▶ **Task data**
---

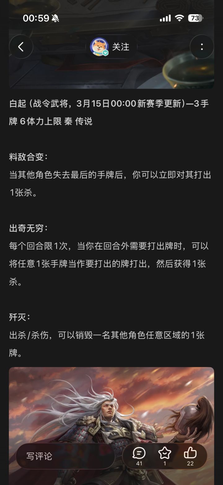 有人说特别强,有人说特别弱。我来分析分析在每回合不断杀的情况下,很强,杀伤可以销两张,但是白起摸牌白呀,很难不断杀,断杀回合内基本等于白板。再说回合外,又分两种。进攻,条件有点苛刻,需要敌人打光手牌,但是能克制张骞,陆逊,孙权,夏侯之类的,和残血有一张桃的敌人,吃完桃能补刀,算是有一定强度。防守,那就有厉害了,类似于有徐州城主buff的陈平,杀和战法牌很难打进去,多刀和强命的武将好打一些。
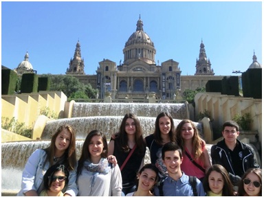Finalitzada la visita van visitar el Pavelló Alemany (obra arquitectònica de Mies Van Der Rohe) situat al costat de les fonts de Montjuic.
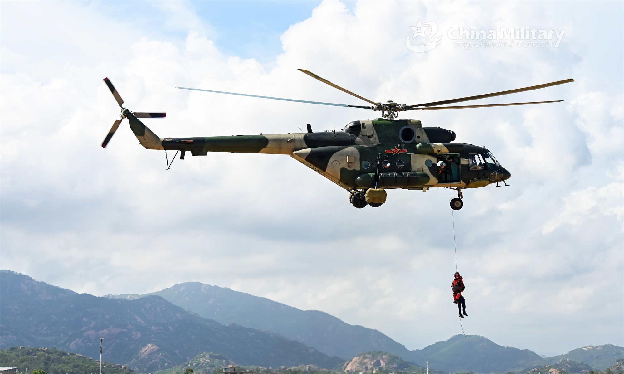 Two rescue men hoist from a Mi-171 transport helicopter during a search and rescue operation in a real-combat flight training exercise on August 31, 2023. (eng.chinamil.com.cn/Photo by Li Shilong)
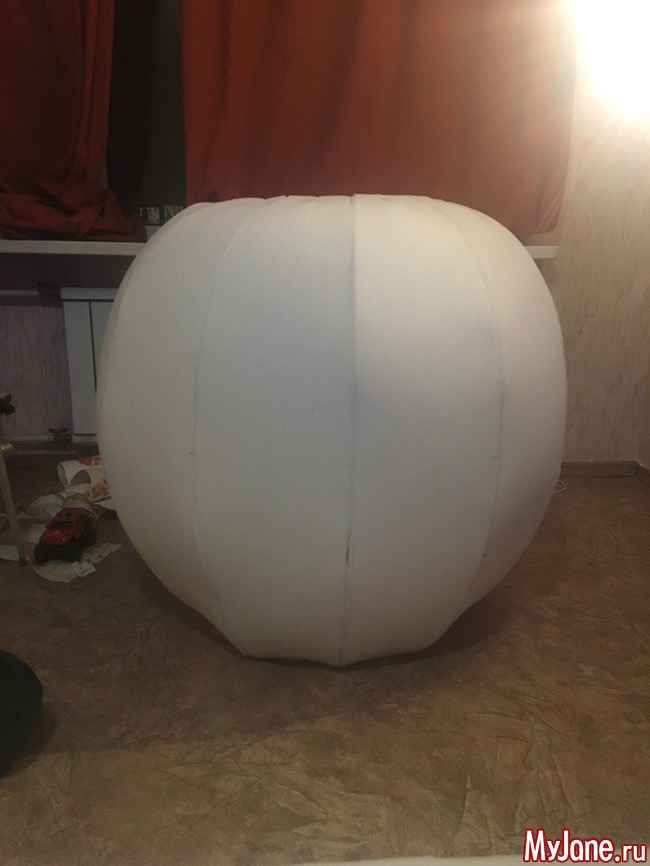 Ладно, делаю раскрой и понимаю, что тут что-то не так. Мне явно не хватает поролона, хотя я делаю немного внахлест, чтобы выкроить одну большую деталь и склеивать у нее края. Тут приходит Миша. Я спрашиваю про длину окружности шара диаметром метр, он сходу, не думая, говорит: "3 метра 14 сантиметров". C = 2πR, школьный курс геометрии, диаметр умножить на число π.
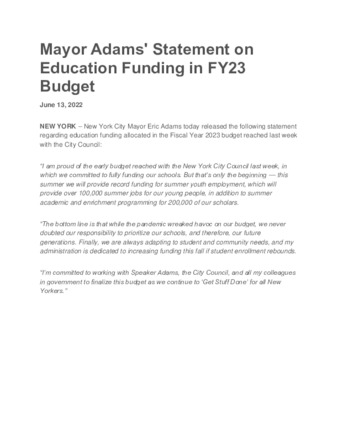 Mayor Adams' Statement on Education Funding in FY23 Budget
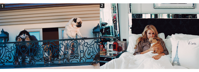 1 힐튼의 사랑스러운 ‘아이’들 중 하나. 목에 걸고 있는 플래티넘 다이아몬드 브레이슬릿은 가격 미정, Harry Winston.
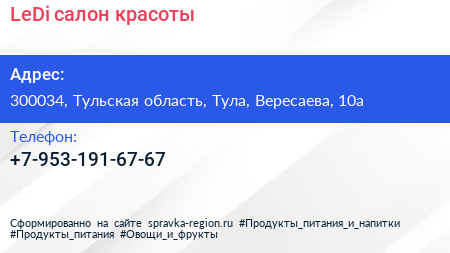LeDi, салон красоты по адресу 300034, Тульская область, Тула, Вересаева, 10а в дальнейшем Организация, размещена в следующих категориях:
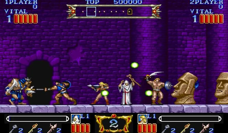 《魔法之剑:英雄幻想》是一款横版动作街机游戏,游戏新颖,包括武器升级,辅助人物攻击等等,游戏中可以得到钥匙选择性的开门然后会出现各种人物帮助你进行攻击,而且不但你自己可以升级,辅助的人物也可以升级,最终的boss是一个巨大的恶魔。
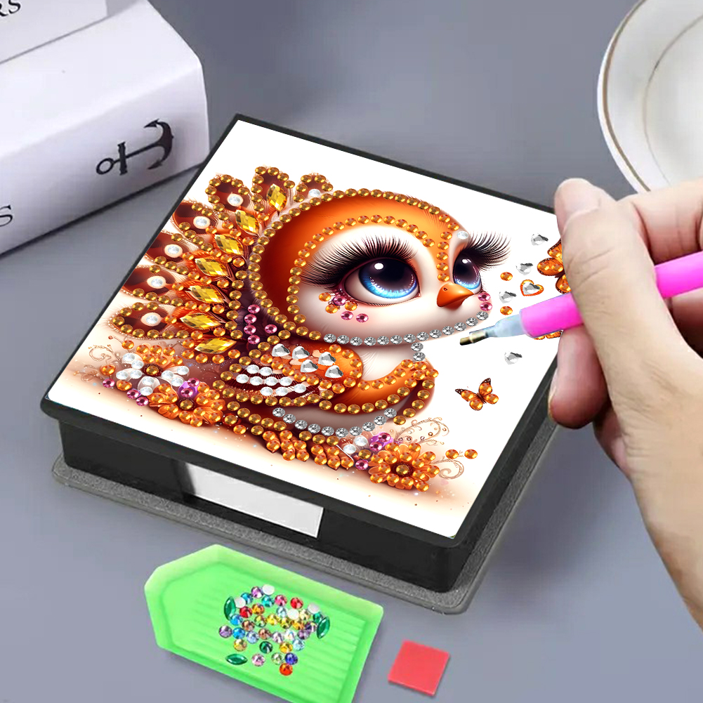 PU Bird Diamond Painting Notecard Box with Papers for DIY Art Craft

---

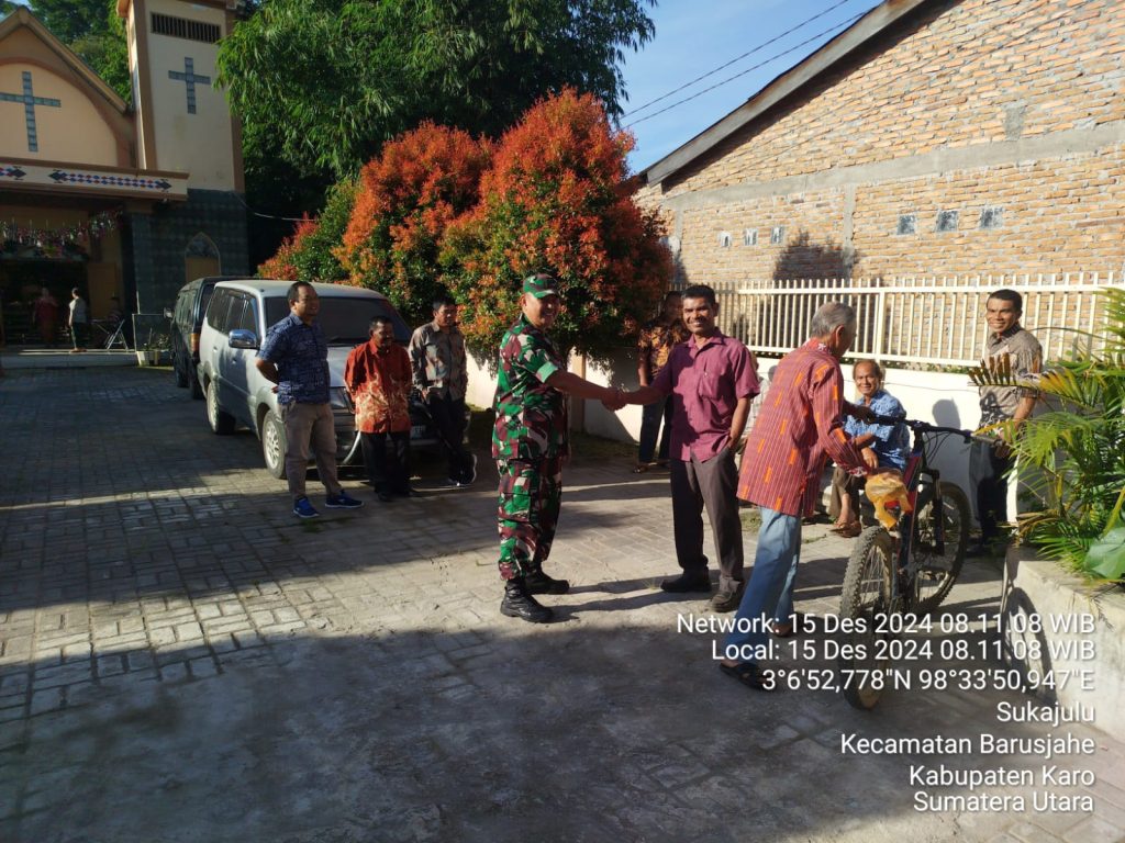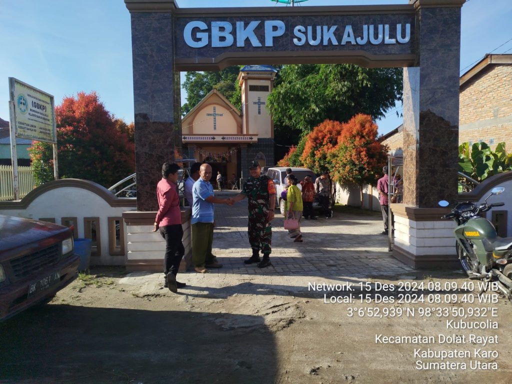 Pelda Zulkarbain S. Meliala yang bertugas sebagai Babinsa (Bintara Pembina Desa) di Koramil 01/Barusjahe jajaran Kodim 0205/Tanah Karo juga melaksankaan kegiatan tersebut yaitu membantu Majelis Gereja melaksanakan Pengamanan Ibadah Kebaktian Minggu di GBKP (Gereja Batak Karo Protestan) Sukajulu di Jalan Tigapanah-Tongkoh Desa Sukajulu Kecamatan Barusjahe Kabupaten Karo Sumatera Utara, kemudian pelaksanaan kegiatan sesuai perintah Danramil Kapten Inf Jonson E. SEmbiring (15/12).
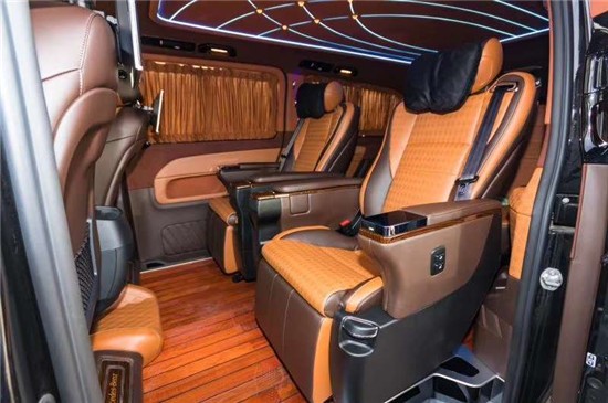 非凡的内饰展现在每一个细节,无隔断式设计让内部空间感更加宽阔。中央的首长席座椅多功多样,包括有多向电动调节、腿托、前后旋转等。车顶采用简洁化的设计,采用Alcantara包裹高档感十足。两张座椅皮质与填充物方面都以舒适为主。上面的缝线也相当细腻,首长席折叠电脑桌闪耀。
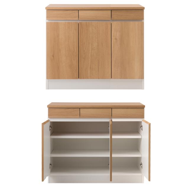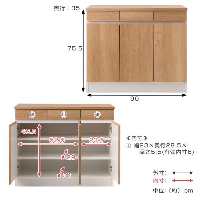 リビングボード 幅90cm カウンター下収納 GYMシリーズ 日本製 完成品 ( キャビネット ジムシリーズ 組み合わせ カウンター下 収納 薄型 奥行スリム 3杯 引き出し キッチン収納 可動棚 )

---

Could you transcribe exactly the entries above, but only the lines from the one with "Ладно, делаю раскрой" through the one with "PU Bird Diamond", and without pictures?

▶ **Solution**
 Ладно, делаю раскрой и понимаю, что тут что-то не так. Мне явно не хватает поролона, хотя я делаю немного внахлест, чтобы выкроить одну большую деталь и склеивать у нее края. Тут приходит Миша. Я спрашиваю про длину окружности шара диаметром метр, он сходу, не думая, говорит: "3 метра 14 сантиметров". C = 2πR, школьный курс геометрии, диаметр умножить на число π.
 Mayor Adams' Statement on Education Funding in FY23 Budget
 1 힐튼의 사랑스러운 ‘아이’들 중 하나. 목에 걸고 있는 플래티넘 다이아몬드 브레이슬릿은 가격 미정, Harry Winston.
LeDi, салон красоты по адресу 300034, Тульская область, Тула, Вересаева, 10а в дальнейшем Организация, размещена в следующих категориях:
 《魔法之剑:英雄幻想》是一款横版动作街机游戏,游戏新颖,包括武器升级,辅助人物攻击等等,游戏中可以得到钥匙选择性的开门然后会出现各种人物帮助你进行攻击,而且不但你自己可以升级,辅助的人物也可以升级,最终的boss是一个巨大的恶魔。
 PU Bird Diamond Painting Notecard Box with Papers for DIY Art Craft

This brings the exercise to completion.